AMD Vitis Unified Software Platform

MATLAB

Story

In our visual world, images appear before our eyes in consecutive frames. Then, during image processing, machines can often only store and present images in discrete frames. Images are usually stored in machines as two-dimensional arrays, but the complexity and precision of images are often governed by resolution. Furthermore, we often refer to distortions in which objects, images, sounds, waveforms, or other forms of information change their original shape (or other characteristics). And for this project, it's mostly about the high fidelity of the images that can be extracted at any resolution we want.
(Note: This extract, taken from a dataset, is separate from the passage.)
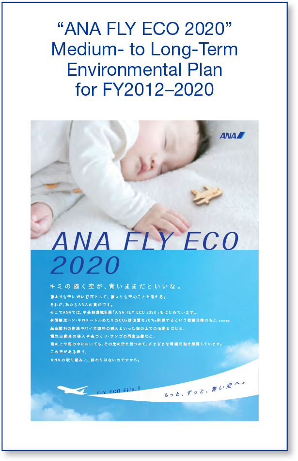 Aiming to become the world's leading environmental airline group, the ANA Group has pursued the ANA FLY ECO 2020 program, our medium- to long-term environmental plan from fiscal 2012 to fiscal 2020.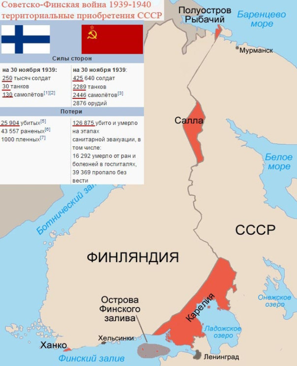 Также к СССР отошел Карельский перешеек площадью около 10.000 кв. км, с населением более 200 тысяч человек и крупными городами Выборгом и Кякисалми (ныне Приозерск) и другими городскими поселениями.

When we look at a picture of an area of an image, we tend to see it by zooming in, but for low-resolution images it becomes blurry because when zooming in, when the resolution is too low, the stored numerical values in the computer The value of leads to the accuracy of the image. low, and remove some necessary or unnecessary pixel values (or features), so that the computer cannot display the features of the area in high-definition, which will cause a certain degree of distortion in the image or computer vision, and train an ideal neural network. For the network, we need to preprocess the images before training. This preprocessing reduces the resolution of all images in the dataset to images of the same size, which can reduce memory consumption. We then packaged and loaded the processed dataset into the network for training, but the computer caused a dramatic drop in image fidelity during processing. Therefore, we use the VCK5000 accelerated inference local implicit image function model to predict RGB values for the desired image resolution, so that we can take advantage of this accelerated model when capturing low-resolution images in low-resolution cameras or in dataset preprocessing, to obtain images of any resolution and size, while ensuring image fidelity or image accuracy.

The steps for my project are as follows:

First, let me introduce the local implicit image function proposed by Yinbo Chen et al. It takes the pixel coordinates and pixel values of an image and the two-dimensional depth feature values of all coordinates of the image as input, and then queries the image according to the coordinate information. Local depth feature values near the coordinates, predict their local RGB values, and reconstruct a new resolution image as output.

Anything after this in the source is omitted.